§ What is expected
Beginning with the line that holds "この取り組みを⽀える2つの価値観 2年半の⼟台にあるもの Y理論", copy every remaining line of the listing below exactly, and leave the pictures out.

§ Information provided

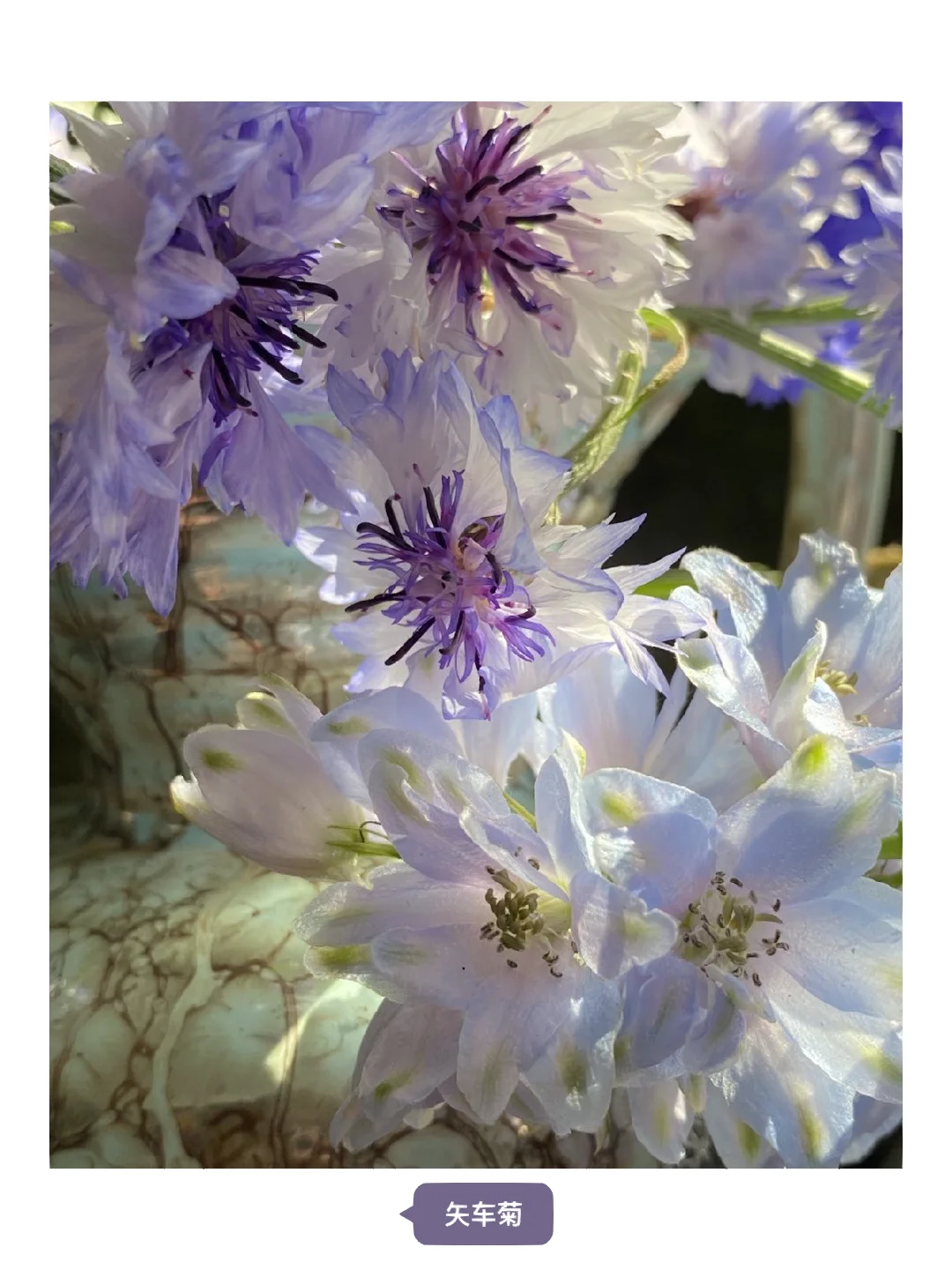 上方的是矢车菊,下面的是大飞燕,都是自然生长出的蓝紫色花花,在自然界中蓝紫色花很少,它们也是其中的颜值担当。
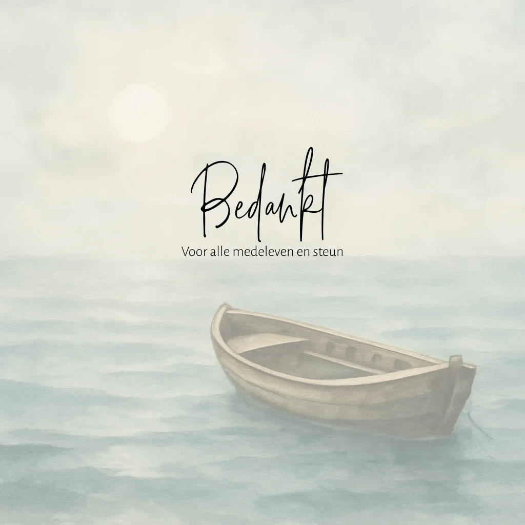 Bedankkaart met een houten bootje op zee
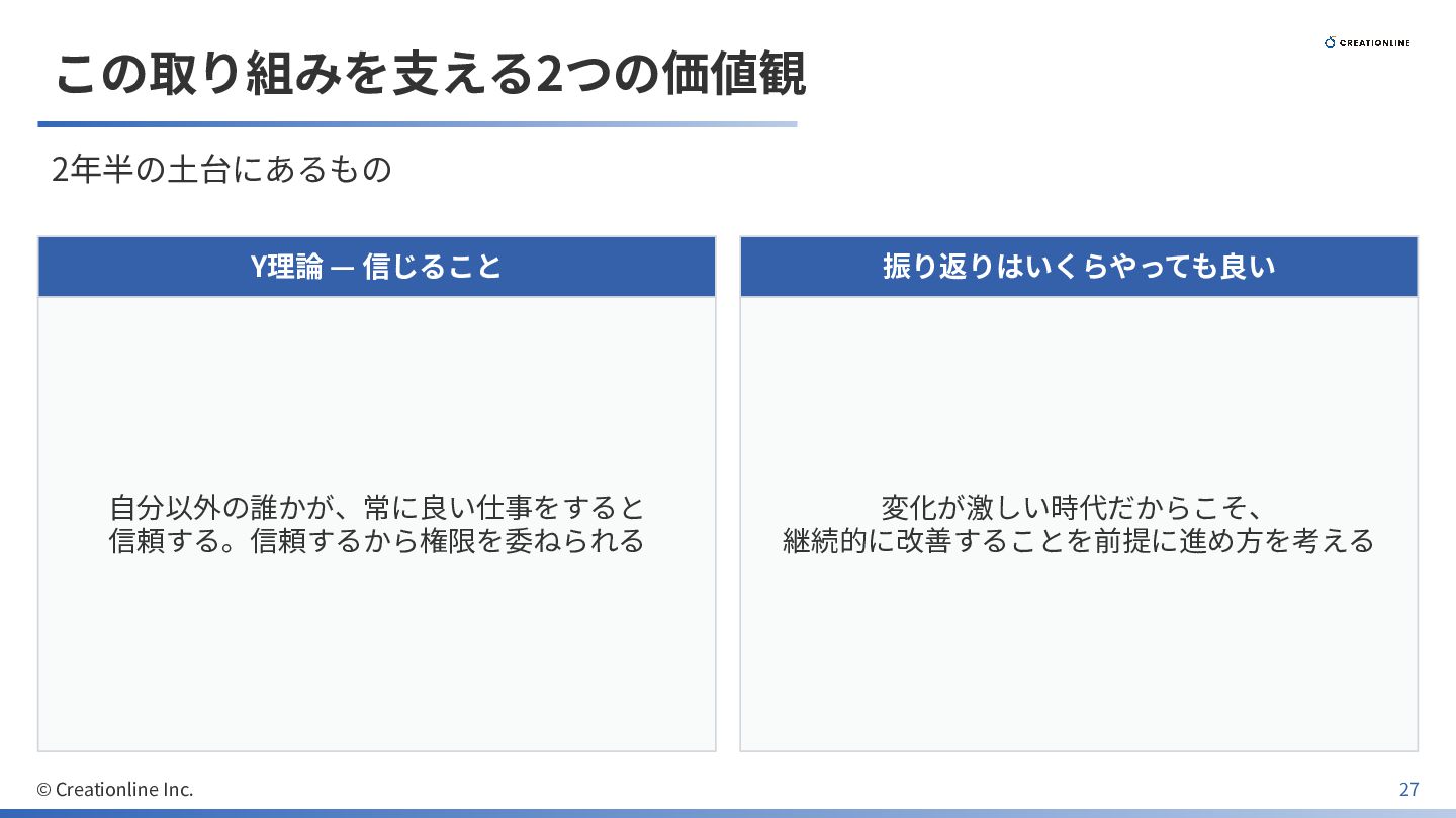この取り組みを⽀える2つの価値観 2年半の⼟台にあるもの Y理論 — 信じること ⾃分以外の誰かが、常に良い仕事をすると 信頼する。信頼するから権限を委ねられる 振り返りはいくらやっても良い 変化が激しい時代だからこそ、 継続的に改善することを前提に進め⽅を考える
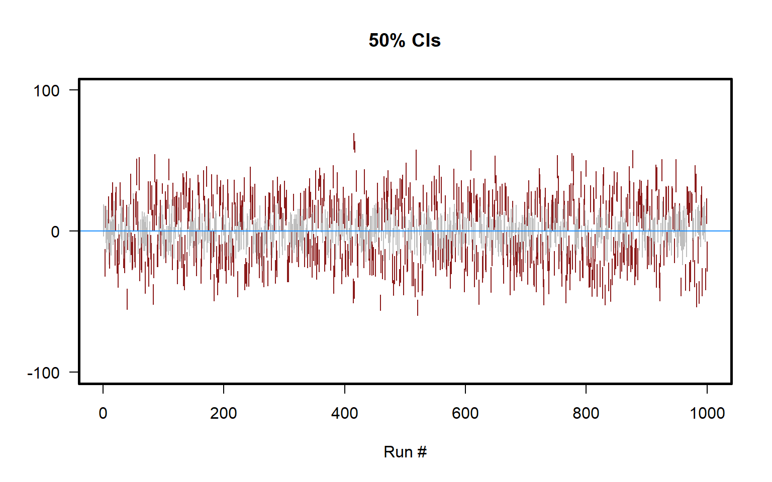 Below is a plot for 50% confidence intervals for the above situation of samples of size n=10 drawn from a set of integers from -100 to +100. The plot indicates that only about 50 percent of the 50% confidence intervals contain the true estimate (only about half of the lines are gray), and the plot also indicates that the 50% confidence intervals are not as wide as the 95% confidence intervals are for the same estimate.

§ Solution to the problem
この取り組みを⽀える2つの価値観 2年半の⼟台にあるもの Y理論 — 信じること ⾃分以外の誰かが、常に良い仕事をすると 信頼する。信頼するから権限を委ねられる 振り返りはいくらやっても良い 変化が激しい時代だからこそ、 継続的に改善することを前提に進め⽅を考える
 Below is a plot for 50% confidence intervals for the above situation of samples of size n=10 drawn from a set of integers from -100 to +100. The plot indicates that only about 50 percent of the 50% confidence intervals contain the true estimate (only about half of the lines are gray), and the plot also indicates that the 50% confidence intervals are not as wide as the 95% confidence intervals are for the same estimate.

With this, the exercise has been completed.